-------- Material provided --------

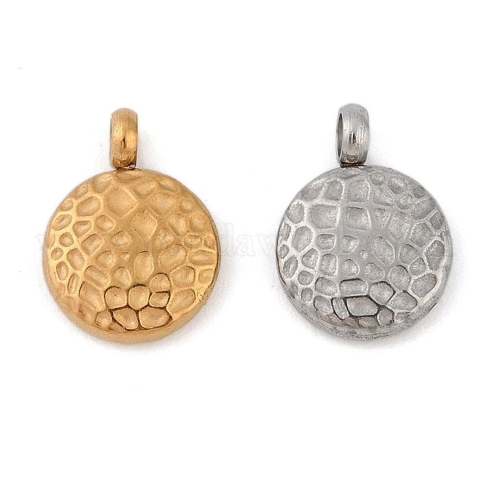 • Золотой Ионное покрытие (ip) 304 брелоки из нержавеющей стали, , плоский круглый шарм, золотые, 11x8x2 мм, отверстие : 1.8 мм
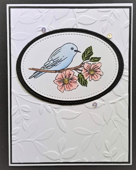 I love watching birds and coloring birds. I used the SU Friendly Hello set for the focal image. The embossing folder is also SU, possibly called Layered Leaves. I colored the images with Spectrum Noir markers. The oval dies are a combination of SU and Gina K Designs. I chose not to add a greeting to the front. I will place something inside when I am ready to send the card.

--------
-------- Material provided --------

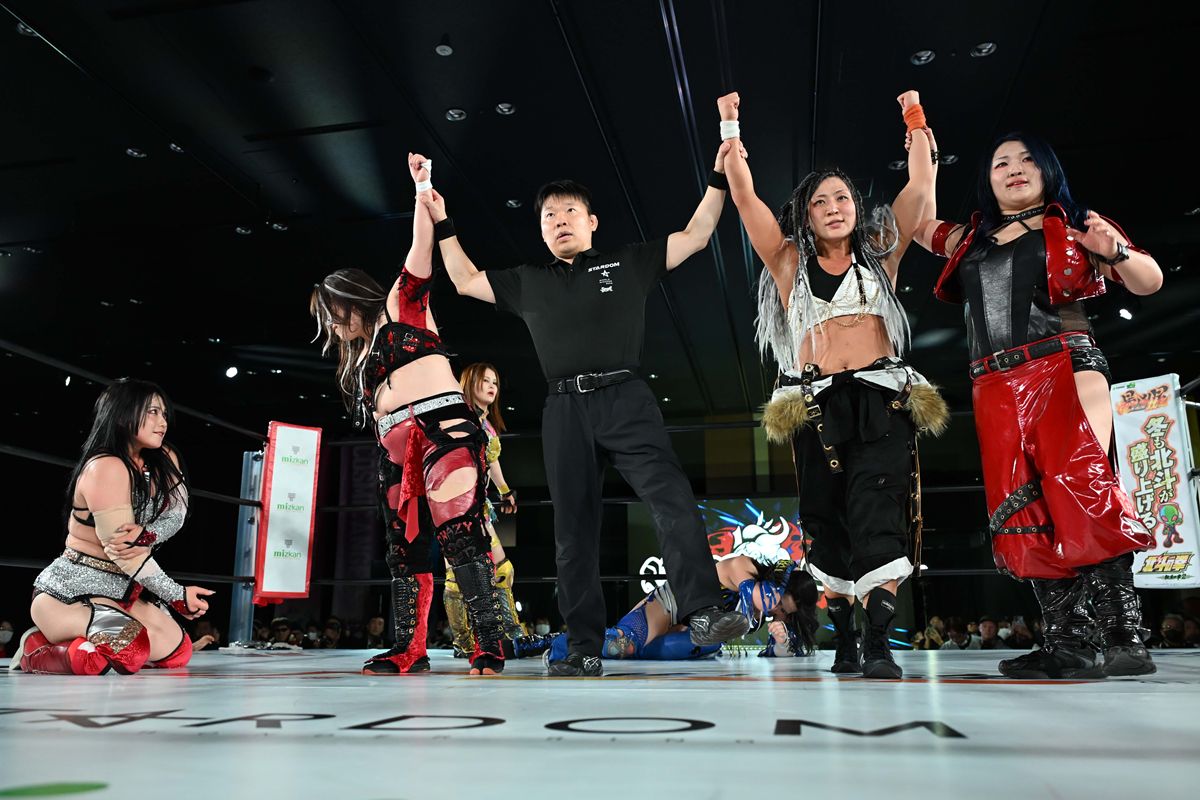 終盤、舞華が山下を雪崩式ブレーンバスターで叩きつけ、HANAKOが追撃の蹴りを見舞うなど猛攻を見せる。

--------

## Exercise
Give again the stretch of lines above from the one with "отверстие : 1.8 мм" through the one with "I love watching", both ends kept, and copy no pictures.

## Answer for the task
 • Золотой Ионное покрытие (ip) 304 брелоки из нержавеющей стали, , плоский круглый шарм, золотые, 11x8x2 мм, отверстие : 1.8 мм
 I love watching birds and coloring birds. I used the SU Friendly Hello set for the focal image. The embossing folder is also SU, possibly called Layered Leaves. I colored the images with Spectrum Noir markers. The oval dies are a combination of SU and Gina K Designs. I chose not to add a greeting to the front. I will place something inside when I am ready to send the card.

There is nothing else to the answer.